Principes van armoede:
Binnen het ‘concept’ armoede zijn er verschillende transformaties geweest. In de ontwikkeling van
de Westerse armoedwetgeving veranderd het van een ‘absoluut’ (fysiek) bestaandsminimum naar
een ‘relatief’ bestaansminimum. Het is dus in relatie gebracht met het gemiddelde welvaartspeil van
een samenleving.
Subjectief -> mensen weten zelf wat hun bestaansminimum is
Objectief-> door anderen bepaalde criteria zoals bijstandswet
6 principes van armoede:
1. Sociale ongelijkheid resulteert niet noodzakelijkerwijs in armoede
2. Sociale problemen hoeven niet noodzakelijkerwijs te resulteren in armoede
3. Armoede is niet hetzelfde als zich arm voelen
4. Armoede is het resultaat van onvoldoende middelen
5. Armoede betekent uitsluiting van de samenleving
6. Armoede is meervoudig deprivatie
Om armoede in kaart te brengen wordt vaak sociale uitsluiting gebruikt
De bepaling van de armoede grens impliceert altijd een waarde oordeel, dat niet wetenschappelijke
is te onderbouwen.
De 7 kenmerken van armoede:
Moderne armoede = de structurele uitsluiting van burgers van maatschappelijke deelname, die
gepaard gaan met permanente afhankelijkheid van de overheid.
De kenmerken zijn: - weinig geld
- Sociaal isolement
- Een tijd zonder werk
- Geringe profijt van sommige overheidsvoorzieningen
- Verstateling van de zorg
- Heterogene groep mensen
- Geografisch lokaliseerbaar -> wijken
- Culturele aanpassingen
, Cruciaal kenmerk van armoede = permanente staatsafhankelijkheid
Sociaal beleid over de creatie en bestendiging:
1e theorie: Voorbeeld: uitkeringsstelsel ’60 in Amerika leidde tot niets doenende arme klasse. Omdat
ze kiezen om afhankelijk te zijn van het dus niet onder armoede (?)
2e theorie: de nieuwe armoede industrie levert ook weer werk op.
De sociale gevolgen van armoede -> een omvangrijke groep burgers in permanente staat van
afhankelijkheid. Deel allochtone onderklasse huist in economisch, sociaal en geografisch opzicht
afgesneden van de dominante instanties.
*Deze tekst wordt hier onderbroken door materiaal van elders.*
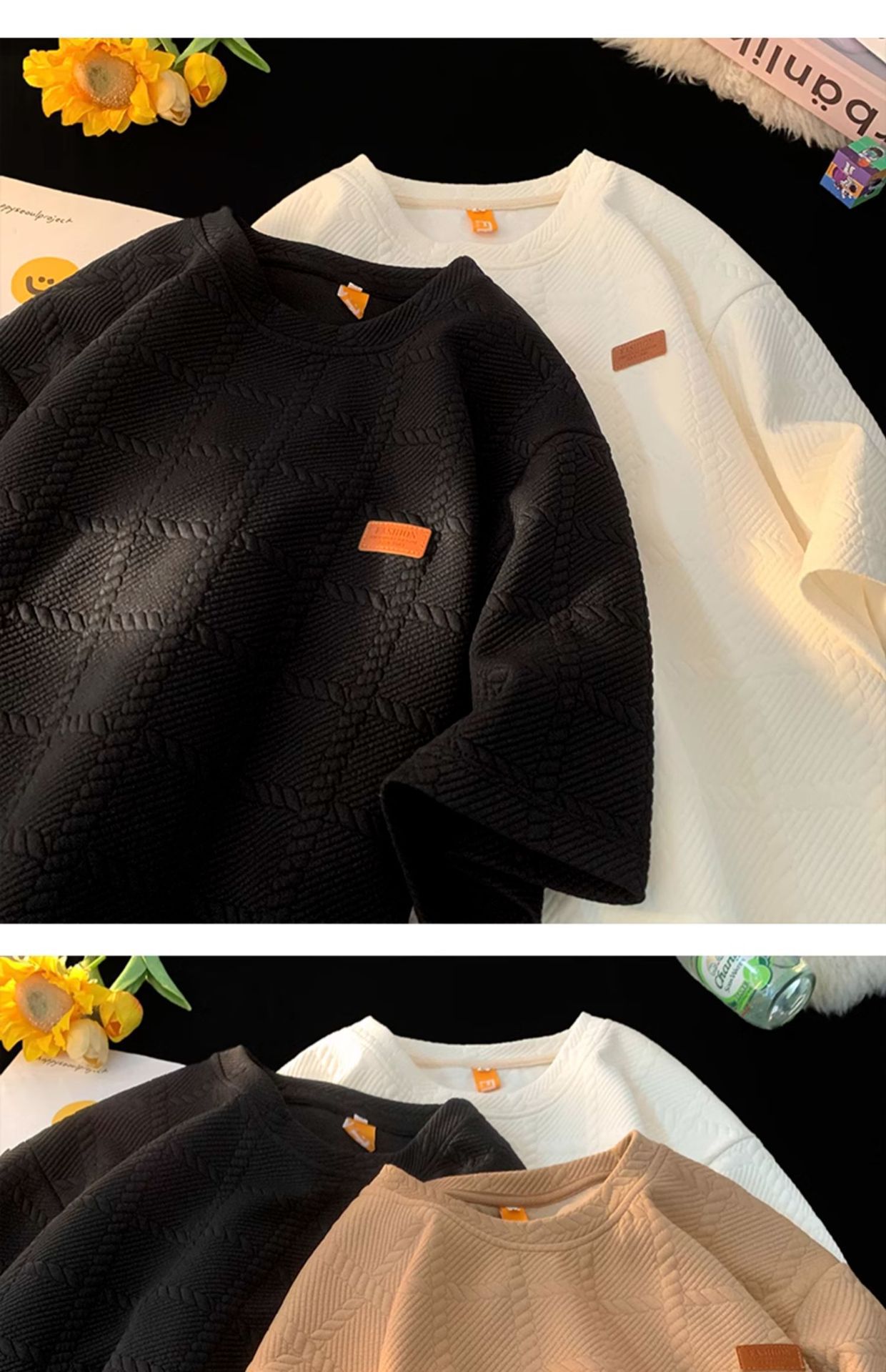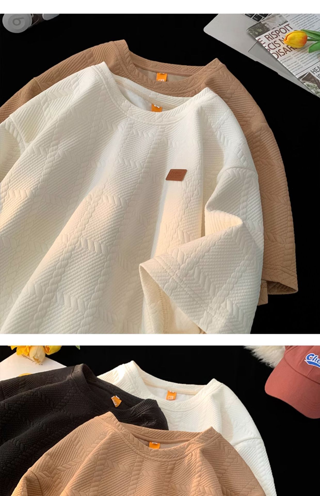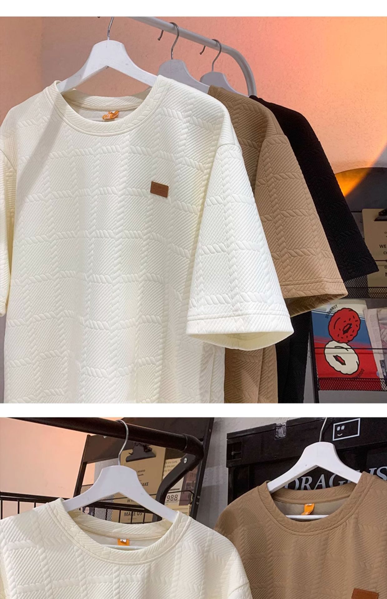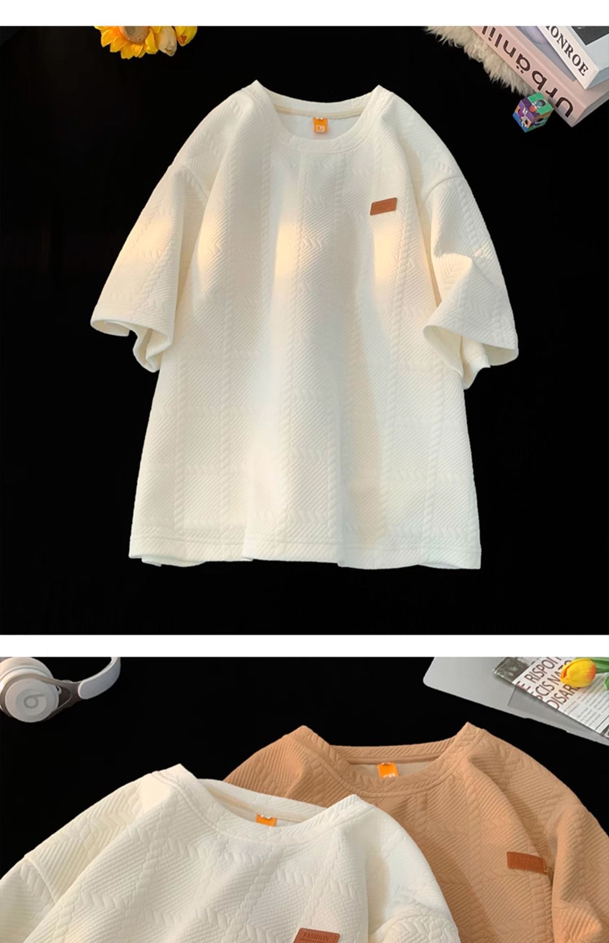 트렌디 브랜드 디자인 자카드 헤비 반팔 티셔츠 남성 트렌디 루즈 탑 여름 2025 새로운 스타일 5부 소매스토어 가기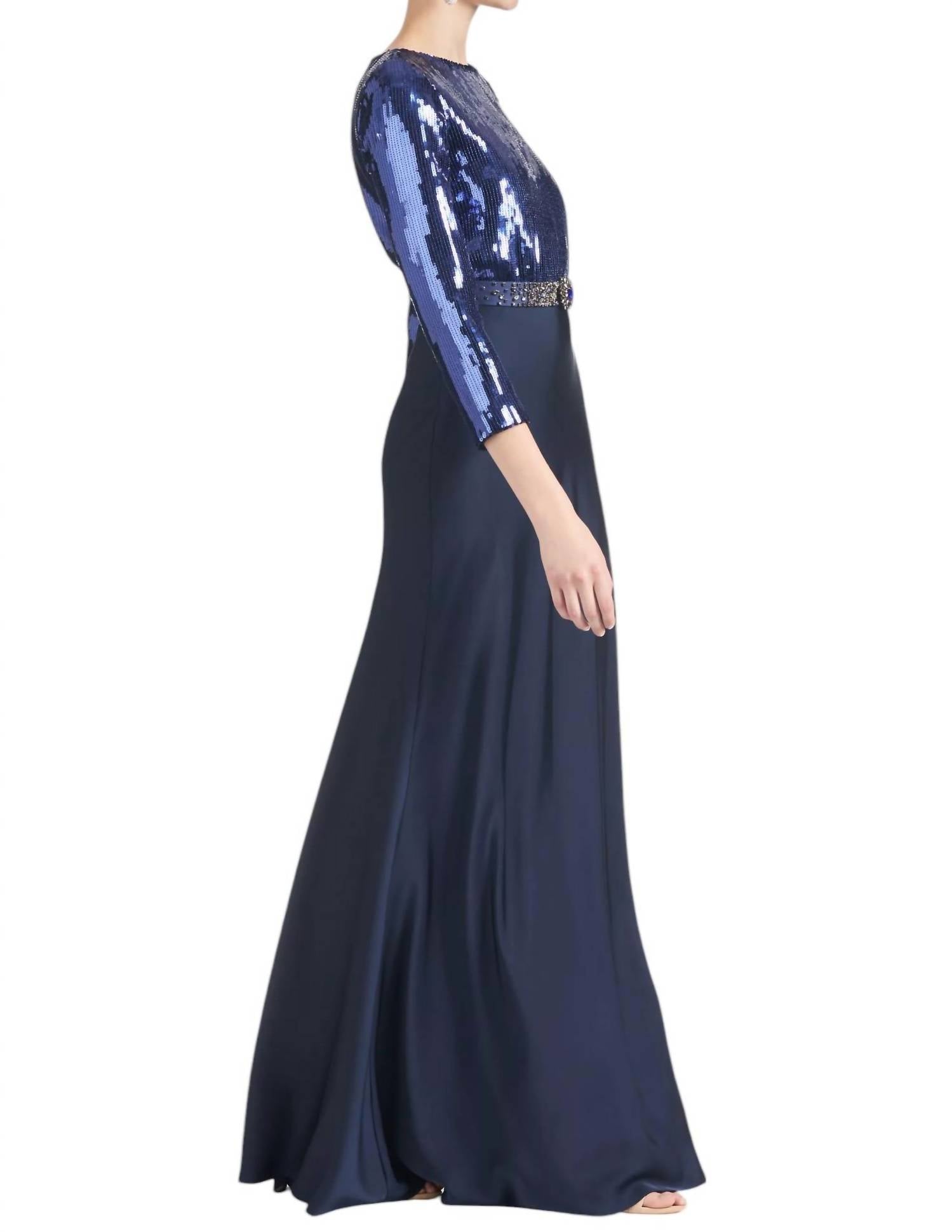 Apresentamos o vestido Christabel da SACHIN & BABI, uma deslumbrante personificação da elegância clássica com um toque festivo. Este vestido maxi fit e flare apresenta mangas três quartos e um cativante decote canoa, com um corpete todo em lantejoulas contrastando com uma luxuosa saia de crepe de cetim em tons safira e meia-noite brilhantes. É confeccionado em 95% poliéster e 3% elastano, garantindo conforto e estilo. O vestido é longo, medindo 152 cm do topo do ombro até a bainha inferior, com um prático fecho de zíper nas costas.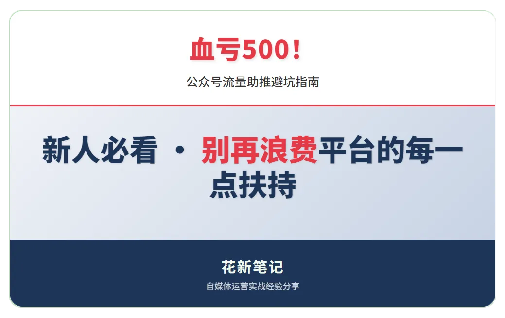 大家好,我是花新学长。上一篇文章分享了如何用工具提升效率,快速起号。今天我想分享一些更重要的东西,如何用数据分析避免踩坑,增加平台的免费推荐,进入更大的流量池我刚开始以为流量助推是捷径,结果花了500流量助推,只换来了13个阅读,真是血亏啊。但是作为程序员我会吸取这个教训,总结过去一周的数据,进行问题复盘,并避免未来再出现这个问题我把那两篇用了流量助推的文章数据拿出来。用excel表进行对比,发现了其中的问题。文章在发布1小时内没有获得足够互动,系统可能已将其标记为低质量内容。此时使用助推纯粹是浪费,效果必然很差流量助推不是雪中送炭,而是锦上添花。它只能放大已经验证好的内容,但无法挽救一篇已经失败了的内容根据我指标好的文章做对比,发现后续都能获得更多系统推荐,尤其是搜一搜和推荐的渠道似乎系统更在乎读者是否读完,而并不在乎阅读的人数到底有多少我这里有些文章,因为有些朋友主动帮我点赞以及评论,能清晰感觉到互动总数很高,但互动密度很低。而该文章的推荐量却很低,代表着互动密度比互动总数更重要读者停留时间非常重要,文中可以添加一些稍作思考的代码片段或图片,能够有效增加读者在页面的停留时间文章中的关键词非常重要,需要围绕一个核心关键词增加2~3个长尾词,这样文章在搜一搜里更容易被搜索到对于我们程序员来说,公众号的运营可以将它当成一个数据产品来运营,不是写文章,而是通过数据反馈并持续迭代的工程,别再凭感觉做事了,让数据告诉我们答案你在公众号运营中踩过最大的坑是什么?是不是和我一样,流量助推纯纯打水漂了!下一篇预告:《我规划了一个未来半年可能赚到钱的公众号产品矩阵》。我将从流量思维,切换到商业思维。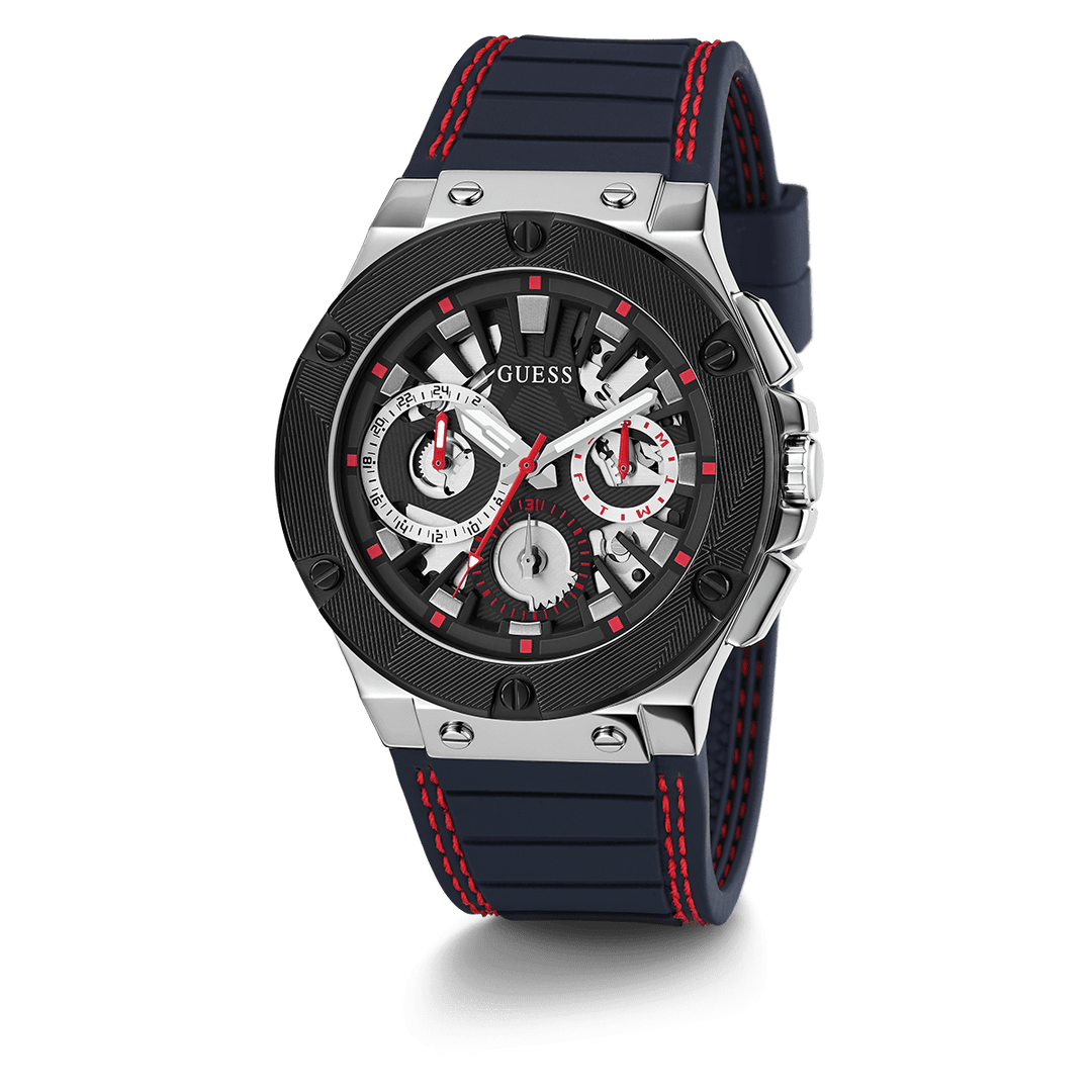 GUESS Mens Navy Silver Tone Multi-Function Watch

Onbereikbaar voor het beleid.
Arm zijn = diegenen die niet volwaardig kunnen participeren in de samenleving omdat ze
buitengesloten zijn van de maatschappelijke instanties.
Kenmerken van moderne armoede en het sociaal beleid: activerend
Armoede is geen aanspraak meer hebben op een redelijk bestaan.
H3 de taal van armoede
Door verschillende armoede perspectieven ontstaat er een armoede paradigma = vormen een geheel
van overtuigingen, veronderstellingen en beleid instrumenten die een rol spelen in de naamgeving,
beoordeling en bestrijding van armoede.
Taal: - bureaucratische taal, moralistische taal, dramatische taal, academische taal en de taal van de
armen
Bureaucratische taal -> gaat over armoedgrenzen. Waar bijv. ABW vandaan komt
Het klassificeert, mensen worden in fases ingedeeld welke vorm van armoede ze hebben
Moralistische taal -> moreel oordeel over houding en gedrag van de armen
Dramatische taal -> concreet, beeldend en emotioneel. Over allerdaagse problemen
Wetenschappelijke taal -> bepalen van armoede grens
Taal van de armen -> de armen die zelf de situatie verwoorden
Cijfertaal:
Omvang = bureaucratische en wetenschappelijke taal
Telwerk impliceert difinitie, maar absolutiteit moeten worden gerelativeerd
Bij een sociaal probleem kunnen cijfers een manipulatie vormen van de realiteit. Daardoor moet het
ter discussie worden gesteld.
Armoede paradigma’s:
Moraliserings perspectief: verbonden met armoede ‘mensen met armoede missen het moraal besef,
en worden daardoor terecht bestraft’ werd gezegd. Maar anderzijds waren ze als te samen ook een
bedreiging.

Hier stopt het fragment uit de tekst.